Fransesco Cenci (1549 - 1589) was soaked too thoroughly in his patrician power. Do you remember the Polanski movie, "Chinatown", in which John Houston plays the character of an urban developer so powerful he irrigates a desert, murders a civil servant wise to his development take over, and so makes modern day Los Angeles just by channeling water resources? Do you remember how his character says he is powerful enough he can do anything with no consequence to himself? And then his daughter, played by Faye Dunnoway, who he !@#$ and gets pregnant, and watches her killed in a cop chase scene down in Chinatown while he drives away with her child by him unconsequenced.

Cenci outstripped Houston's character in lack of proportion. In this sense he might have been the first modern man. He wasn't just an opportunist. He was a man for whom will itself was reason enough to make material his will. I submit that modern man takes after Cenci. He being just a prototype, a first trial model for mass production.

The legal case was circumstantial and unclear. It is likely Cenci murdered one of his sons who stood up to him. It is more likely he raped his beautiful daughter, Beatrice, time and time and time again. It is fact that Beatrice and her other brothers conspired to kill their father. I am guessing their mother knew about the conspiracy, but would plead innocent to the facts at trial, just as she had pled ignorant of her daughter’s rape.

There was a Pope involved. It seems like there is always a Pope involved in poor decisions and judgment calls. Pope Clement VIII refused a pardon of Beatrice. And so she got executed in the fashion of the day for having seen to her father's death who likely killed a son of his and who likely raped her again and again and again.

I am getting to you, L.D. Hang with me please.

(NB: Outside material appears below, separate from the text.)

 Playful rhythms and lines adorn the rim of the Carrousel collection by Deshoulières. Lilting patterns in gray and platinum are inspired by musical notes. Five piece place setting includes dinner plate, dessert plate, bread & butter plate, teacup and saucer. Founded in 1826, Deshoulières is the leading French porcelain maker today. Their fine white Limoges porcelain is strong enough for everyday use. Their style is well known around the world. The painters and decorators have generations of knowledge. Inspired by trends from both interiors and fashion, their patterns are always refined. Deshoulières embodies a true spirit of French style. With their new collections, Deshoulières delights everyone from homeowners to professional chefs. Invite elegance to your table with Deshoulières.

Shelley might have been the first to take up the story. He made a tragedy of it all. And tragedy it was in his eyes. And tragedy is always the final scene in the contest between prerogative and liberty. Then Artaud who took up the story. The story fitted perfectly his notions about a Theater of Cruelty. And how thin is the gossamer shield between order and disorder. And how through dance and body language the theater must again get symbolic again in action.

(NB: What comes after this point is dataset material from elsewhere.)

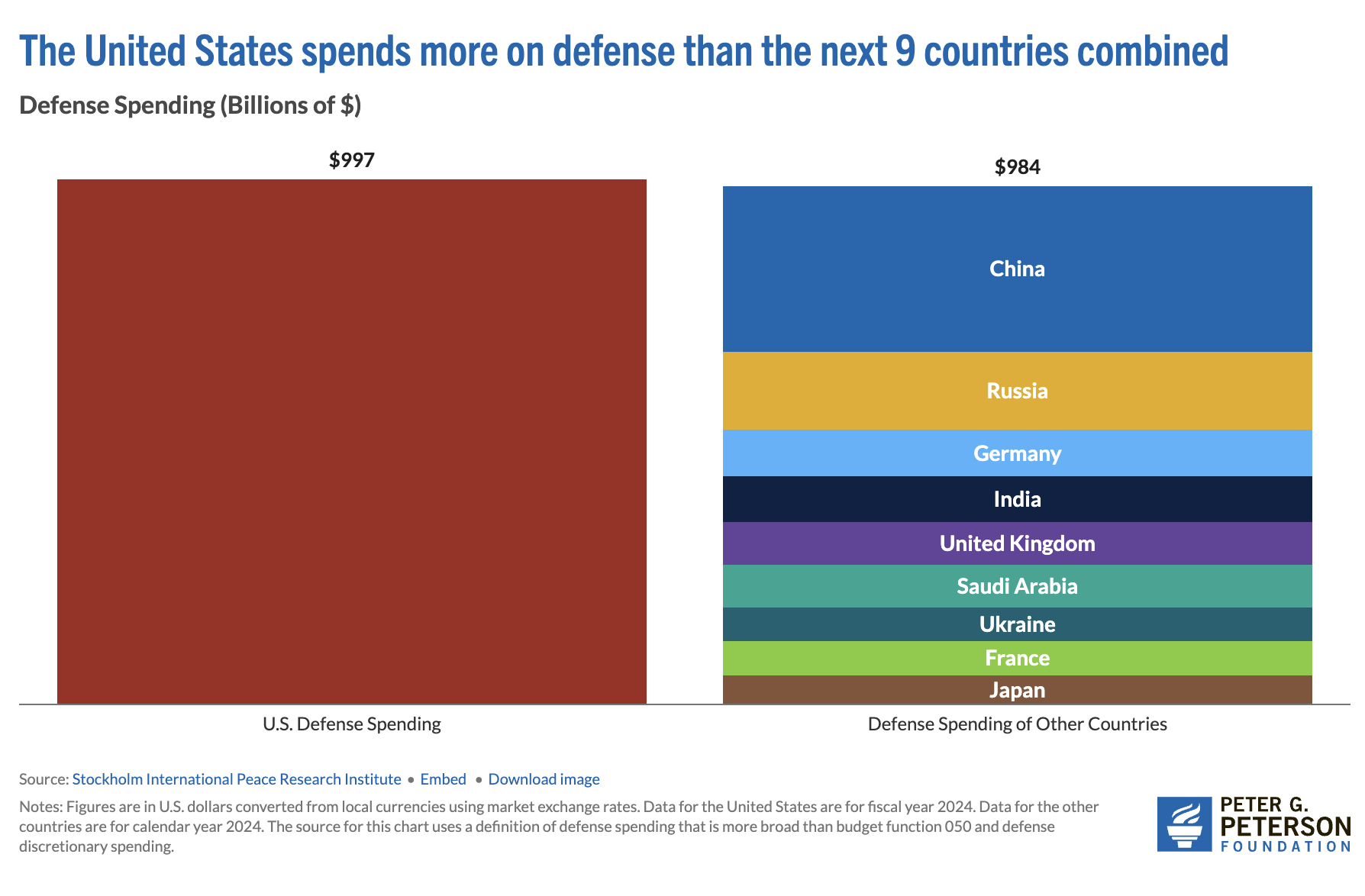 The United States Spends More on Defense than the Next 9 Countries Combined

Now you up on the stage that night. You the dancer, one of the bravos Beatrice and her brothers hire to commit parricide. You in your body speech playing out the stylized body speak of father-murder. I see you this night the way I saw you then, back in the fall of '75, when you were a dancer and you were a murderer, when you were on the stage stylized. You dressed in black and dancing, appearing once, then twice in the back space like a slowly building suggestion, then a third time, only now, leaning your body into the act of parricide, no longer just a suggestion. You, my sweet friend. You the father killer. And the acts of murder before you and after you that you stylized. In black. In dance movement. In act.

Seriously, man. Did you ever reckon, even once in your sweet life, with all you could get yourself involved in?